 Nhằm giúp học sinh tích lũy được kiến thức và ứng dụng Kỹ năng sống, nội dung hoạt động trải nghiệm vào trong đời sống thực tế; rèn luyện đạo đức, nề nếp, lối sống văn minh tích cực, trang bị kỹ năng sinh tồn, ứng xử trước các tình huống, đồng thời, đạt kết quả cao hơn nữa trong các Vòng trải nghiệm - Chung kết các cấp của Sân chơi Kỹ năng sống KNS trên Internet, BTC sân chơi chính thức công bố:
+++++
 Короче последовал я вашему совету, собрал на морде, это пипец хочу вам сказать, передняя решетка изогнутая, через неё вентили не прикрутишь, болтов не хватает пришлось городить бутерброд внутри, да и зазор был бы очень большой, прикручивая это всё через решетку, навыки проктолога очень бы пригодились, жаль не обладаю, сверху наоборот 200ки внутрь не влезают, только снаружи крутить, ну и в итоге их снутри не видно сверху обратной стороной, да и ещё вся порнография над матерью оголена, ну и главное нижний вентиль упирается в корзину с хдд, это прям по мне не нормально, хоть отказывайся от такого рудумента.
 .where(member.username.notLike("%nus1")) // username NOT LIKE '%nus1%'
+++++
■ PROBLEM DETAILS
Copy the stretch of the records above that runs from the line with "Короче последовал я" through the line with "NOT LIKE '%nus1%'". Both end lines belong in the copy, and nothing else does.

■ ANSWER TO THE EXERCISE
 Короче последовал я вашему совету, собрал на морде, это пипец хочу вам сказать, передняя решетка изогнутая, через неё вентили не прикрутишь, болтов не хватает пришлось городить бутерброд внутри, да и зазор был бы очень большой, прикручивая это всё через решетку, навыки проктолога очень бы пригодились, жаль не обладаю, сверху наоборот 200ки внутрь не влезают, только снаружи крутить, ну и в итоге их снутри не видно сверху обратной стороной, да и ещё вся порнография над матерью оголена, ну и главное нижний вентиль упирается в корзину с хдд, это прям по мне не нормально, хоть отказывайся от такого рудумента.
 .where(member.username.notLike("%nus1")) // username NOT LIKE '%nus1%'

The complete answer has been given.